4.7. Loop unrolling¶

Loop unrolling is a technique to improve performance. Small loops are expanded such that an iteration of the loop is replicated a certain number of times in the loop body. The number of times an iteration is replicated is known as the unroll factor.

4.7.1. Benefits¶

Reduce branch overhead This is especially significant for small loops. For example, the loop in Listing 4.10 is unrolled by a factor of 4. From the assembly Listing 4.11, it is evident that the branch overhead is reduced by a factor of 4 (one BANZ for 4 iterations vs. 1 without unrolling).

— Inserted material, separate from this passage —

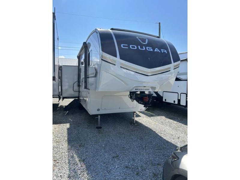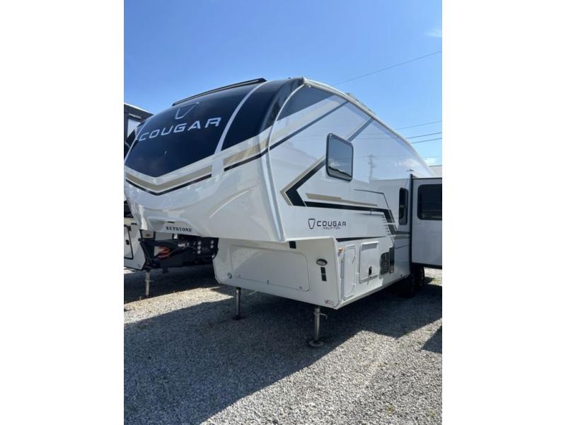 The Keystone Cougar Half-Ton fifth wheel and travel trailers are known as one of America's favorites for a reason! Some of those reasons are the exclusive features that come from Keystone, like the Winegard Air 360+ omni-directional rooftop antenna, the in-floor heating ducts, and the HyperCore composite wall construction with Vixen Fibrogloss high-gloss finish. The Cougar Half-Ton has a Climate Guard protection package with heat-deflecting white sidewalls, two roof attic vents, PEX plumbing and more to enjoy four season camping. Inside, you'll love the dimmable lighting, night roller shades throughout, shower skylight, and bedside USB outlets to keep your electronics charged.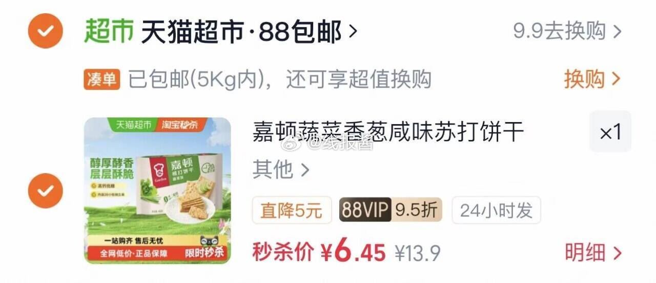 6.4亓‼嘉顿苏打饼干460g代餐零食

There are additional benefits on C28x CPUs with FPU support:

Generate RPTB for small loops - loop unrolling increases the number of instructions in the loop body and enables the compiler to meet the minimum block size requirements for the RPTB instruction.
Improved floating-point performance - loop unrolling can improve performance by providing the compiler more instructions to schedule across the unrolled iterations. This reduces the number of NOPs generated and also provides the compiler with a greater opportunity to generate parallel instructions.

Note

Loop unrolling will result in a code size increase because the compiler replicates the loop body. #pragma UNROLL(1) can be used to prevent the compiler from unrolling the loop.

4.7.2. Performing unrolling¶

There are two ways in which loop unrolling can be performed:

The compiler can automatically unroll the loop. Listing 4.12 is an example of a loop that is unrolled 4 times by the compiler.
The UNROLL pragma can be used to indicate to the compiler that the loop is a candidate for unrolling. Refer to UNROLL for details.